▶ GOAL OF THE EXERCISE
Transcribe the listing exactly; drop the images.

▶ DATA SEGMENT
════════════════════

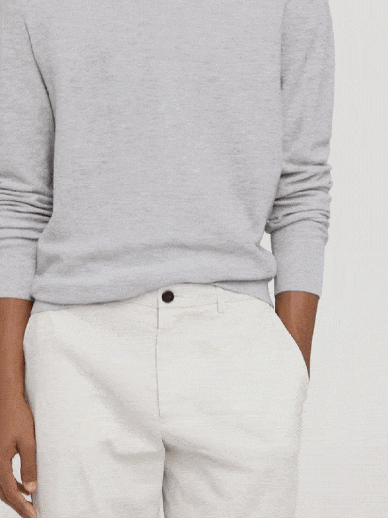 A grey knit works for off-duty looks and smarter combos alike. Wear this one with joggers and a puffer for now. Come spring and summer, swap in a cream pair of cropped chinos or shorts.
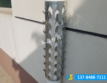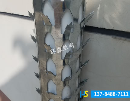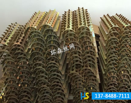 防爬刺的刺型為皇冠型,樣式美觀,刺密度大,采用沖壓成型,每顆刺型都要純手工彎扭,更加增加了刺的硬度和韌性。
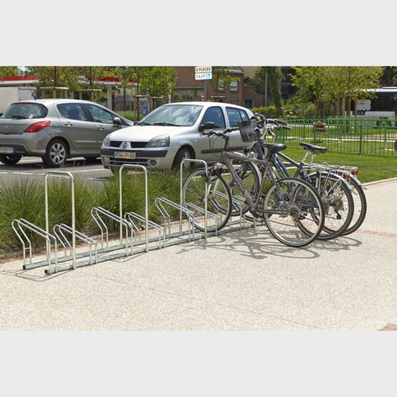 Râtelier Hollandais sur 2 niveaux pour 8 vélos avec arceaux antivol

════════════════════

▶ EXERCISE SOLUTION
 A grey knit works for off-duty looks and smarter combos alike. Wear this one with joggers and a puffer for now. Come spring and summer, swap in a cream pair of cropped chinos or shorts.
 防爬刺的刺型為皇冠型,樣式美觀,刺密度大,采用沖壓成型,每顆刺型都要純手工彎扭,更加增加了刺的硬度和韌性。
 Râtelier Hollandais sur 2 niveaux pour 8 vélos avec arceaux antivol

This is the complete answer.